Aorangia isolata
- Conservation status: Data Deficit (NZ TCS)

Scientific classification
- Kingdom: Animalia
- Phylum: Arthropoda
- Subphylum: Chelicerata
- Class: Arachnida
- Order: Araneae
- Infraorder: Araneomorphae
- Family: Stiphidiidae
- Genus: Aorangia
- Species: A. isolata
- Binomial name: Aorangia isolata Forster & Wilton, 1973

= Aorangia isolata =

- Authority: Forster & Wilton, 1973
- Conservation status: DD

Species of spider

Aorangia isolata is a species of Stiphidiidae that is endemic to New Zealand.

==Taxonomy==
This species was described by Ray Forster and Cecil Wilton in 1973 from a female specimen. The holotype is stored in Canterbury Museum.

==Description==
The female is recorded at 4.90mm in length.

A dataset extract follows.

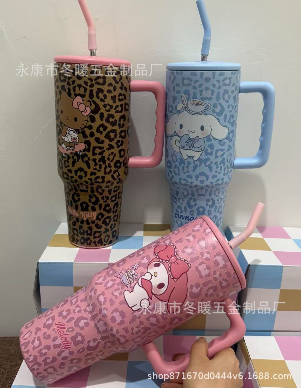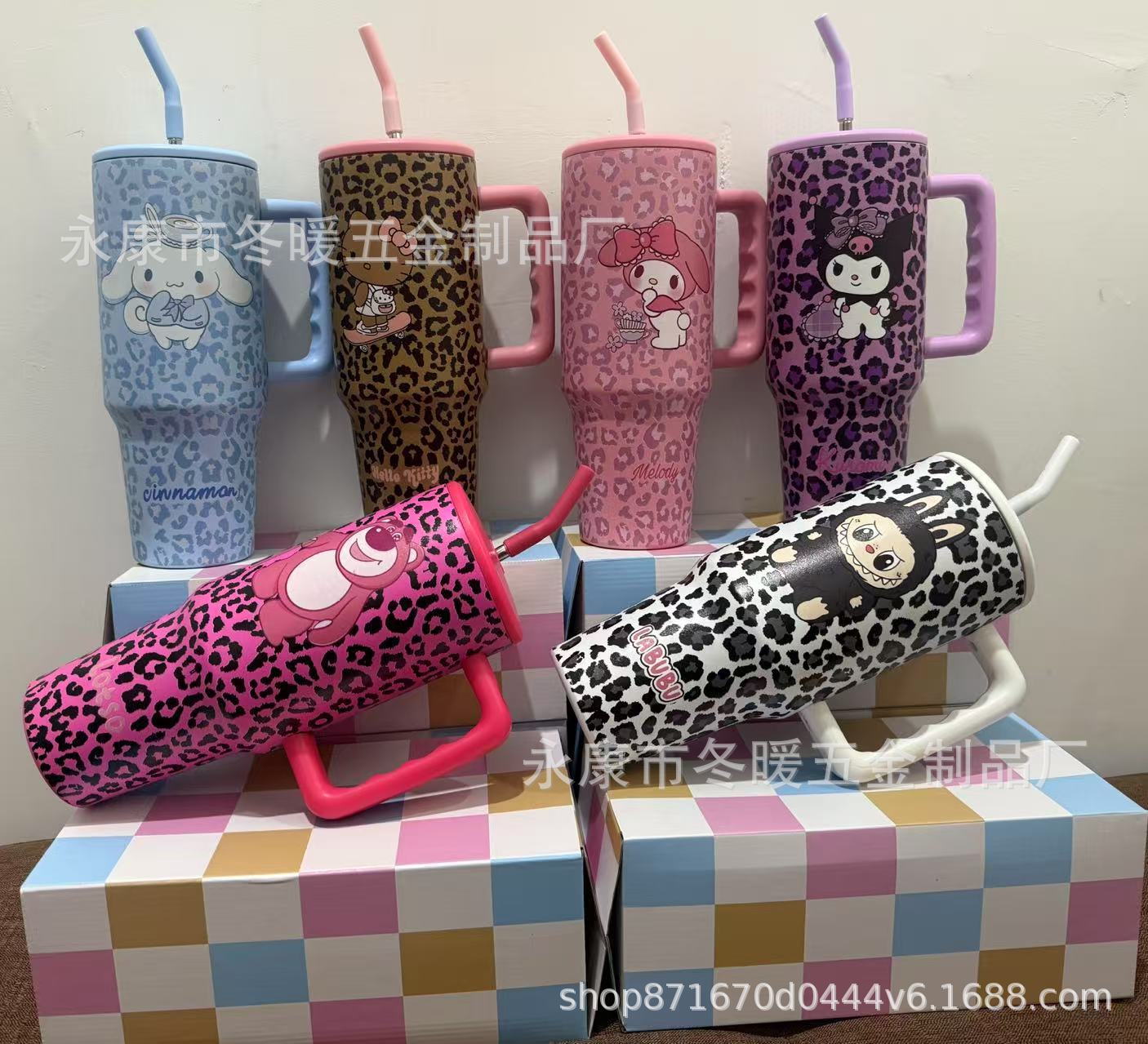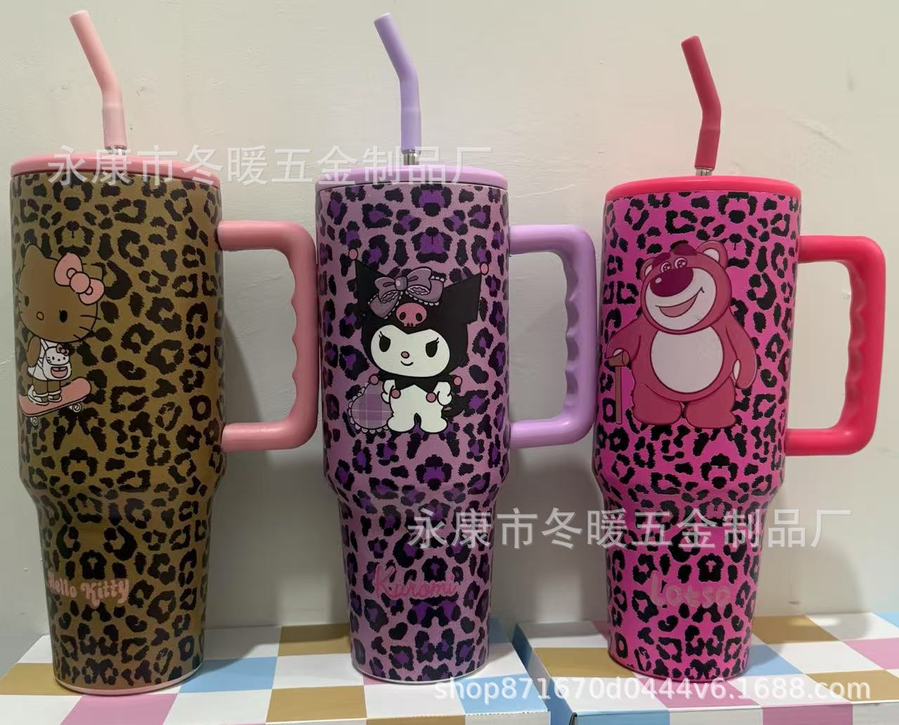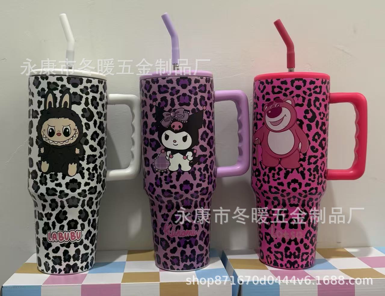 新款大容量40oz 三代时尚百搭豹纹手柄汽车杯车载水杯3D打印不锈
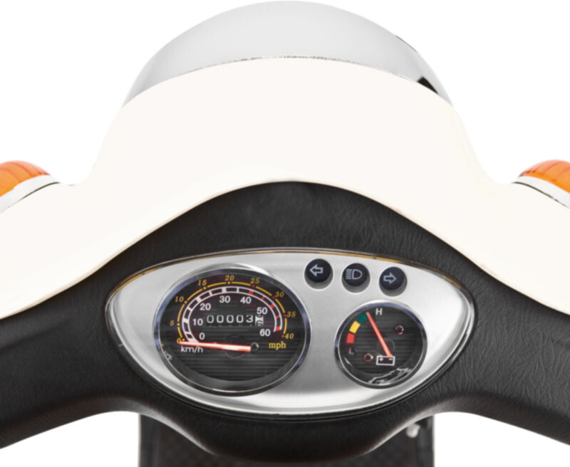 Der Roller ist mit drei Lithium-Batterieoptionen erhältlich und ermöglicht eine Reichweite von bis zu 240 km. Die Ladezeit der Batterie beträgt 180 Minuten.

The carapace is coloured pale brownish yellow. The abdomen is darkly coloured.

==Distribution==
This species is only known from Canterbury, New Zealand.

==Conservation status==
Under the New Zealand Threat Classification System, this species is listed as "Data Deficient" with the qualifiers of "Data Poor: Size", "Data Poor: Trend" and "One Location".